7. Practical Considerations and Limitations

Key implementation considerations:

Patch-based ViT encoding ( $P=8$ ), high-dimensional token embeddings ( $d=512$ ), Adam optimizer, and convolutional upsampling decoder.
Prompts are global class prototypes; extending to multi-scale or spatially localized prompts is suggested for finer structure preservation.
Although demonstrated for binary breast-ultrasound tasks, UI-Styler generalizes to multi-class and other imaging modalities by increasing $C$ and the prompt bank's capacity (Do-Tran et al., 21 Nov 2025).
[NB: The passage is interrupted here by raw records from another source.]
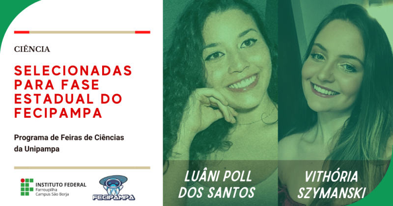 As alunas do 3º ano do Curso Técnico em Informática, Luâni Poll dos Santos e Vithória Szymanski Machado, tiveram seus trabalhos selecionados para a fase estadual do Programa de Feiras de Ciências da Unipampa - Fecipampa 2021, na categoria ensino médio integrado.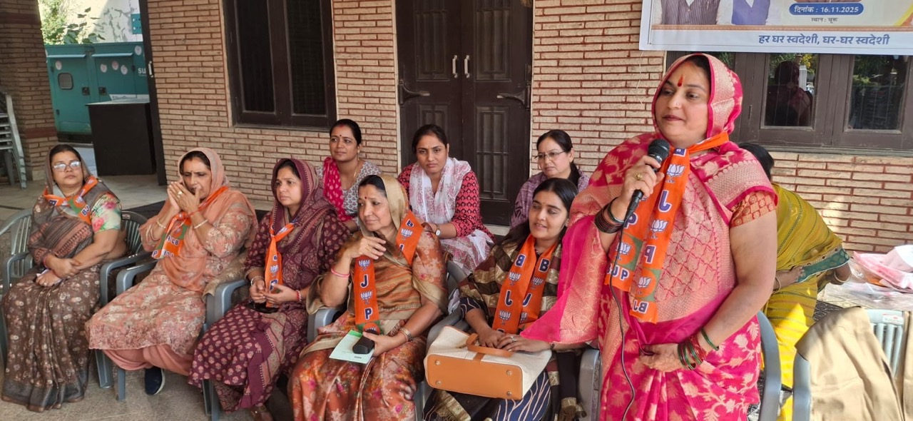 जिला प्रमुख वंदना आर्य ने कहा कि भाजपा की डबल इंजन सरकार ने महिलाओं के लिए अनेक कल्याणकारी कदम उठाए हैं, जिनसे देश विकास की ओर निरंतर अग्रसर है।कार्यक्रम जिला प्रभारी व महिला मोर्चा जिलाध्यक्ष प्रभा धंधावत ने कार्यक्रम की रूपरेखा प्रस्तुत करते हुए कहा कि आत्मनिर्भर भारत का सपना तभी साकार होगा जब मातृशक्ति आत्मनिर्भर और सशक्त बनेगी। सम्मेलन में उपस्थित महिलाओं को स्वदेशी उत्पाद अपनाने की शपथ भी दिलवाई गई।कार्यक्रम में राष्ट्रीय परिषद् सदस्य ओम सारस्वत, जिला महामंत्री अभिषेक चोटिया, जिला उपाध्यक्ष भास्कर शर्मा, सोशल मीडिया जिला सहसंयोजक सुरेश मिश्रा, जिला सहकोषाध्यक्ष रचना कोठारी सहित रेखा राजोतिया, कृष्णा, सुमन चौधरी, गुलाब कंवर, सुप्यार चारण, गायत्री, सुमन, शोभा चौधरी, सीमा शर्मा, निर्मला, रेखा, सरोज शेखावत, अंजू शेखावत, उषा सोनी सहित अनेक महिलाएँ उपस्थित रहीं। कार्यक्रम का संचालन जिला मंत्री एवं सहसंयोजक भारती मुदगल ने किया।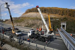 По словам специалистов, произошло самопроизвольное открытие кузова, в результате чего железобетонная балка виадука упала на проезжую часть.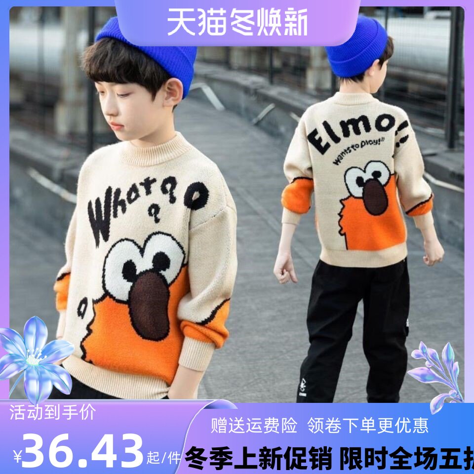 Осенний пуховик для мальчиков с круглым воротником, трикотажный модный трендовый свитер, высокий воротник, подходит для подростков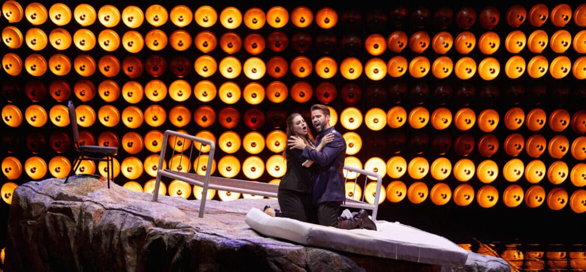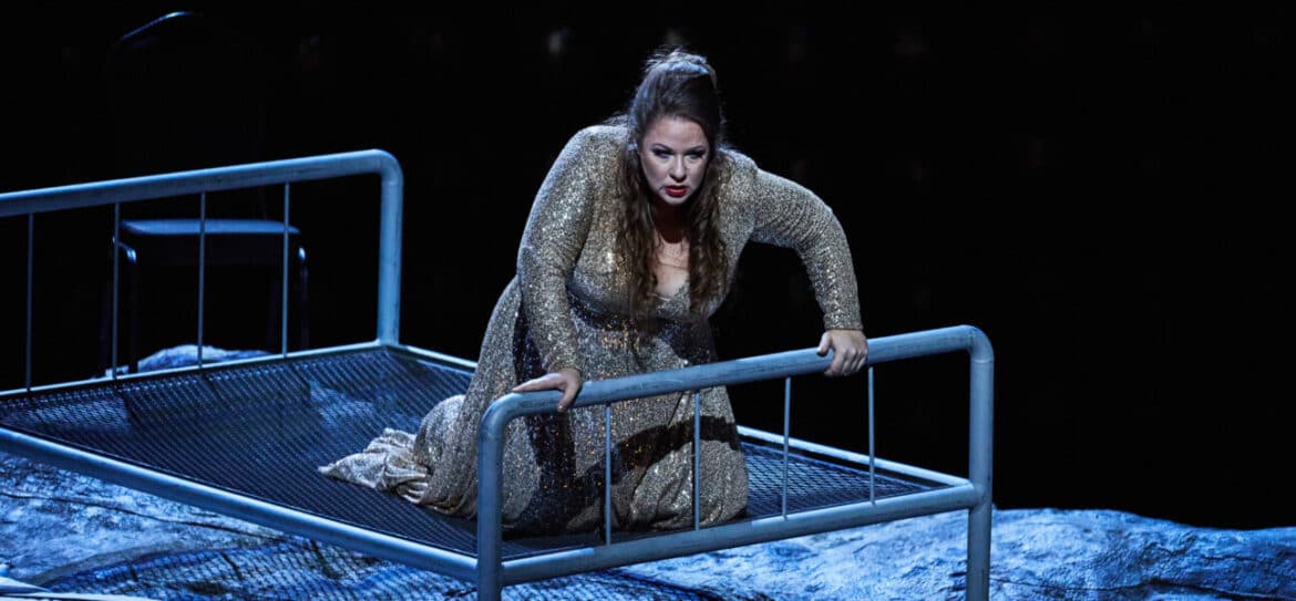 Que le rideau se lève sur Aïda et Radamès en train de faire l’amour sur un lit d’hôpital, pourquoi pas ?… Que ce même lit juché sur un tas de pierres tourne sur lui-même tout au long de ces 4 actes encadrés par des immenses échafaudages sur lesquels sont accrochés des phares de voiture, soit. Qu’Aïda soit habillée en soubrette sortie d’une pièce de Labiche , soit. Que les costumes mélangent treillis de la guerre de 14, smoking, robes longues, punk, soit. Que la marche triomphale d’Aïda soit remplacée par une pluie de billets de banque tombant des cintres soit encore ! Le seul problème est que tout ces procédés sont utilisé ad nauseam depuis des années, démontrant surtout le manque d’imagination, d’audace et d’originalité du metteur en scène Philipp Himmelmann.

Limiting factors include potential insufficient granularity in global prompting and reliance on the pseudo-label quality of the BDM, as no true labels for the target domain are leveraged. Extensions could include multi-scale prompting and broader modality adaptation.

For related research on non-medical UI style transfer and citizen-led personalization in user interface design, see "ImagineNet: Restyling Apps Using Neural Style Transfer" (Fischer et al., 2020) and "Citizen-Led Personalization of User Interfaces" (Alves et al., 2024). However, UI-Styler remains unique in its class-aware, black-box-constrained UIT approach tailored for diagnostic imaging.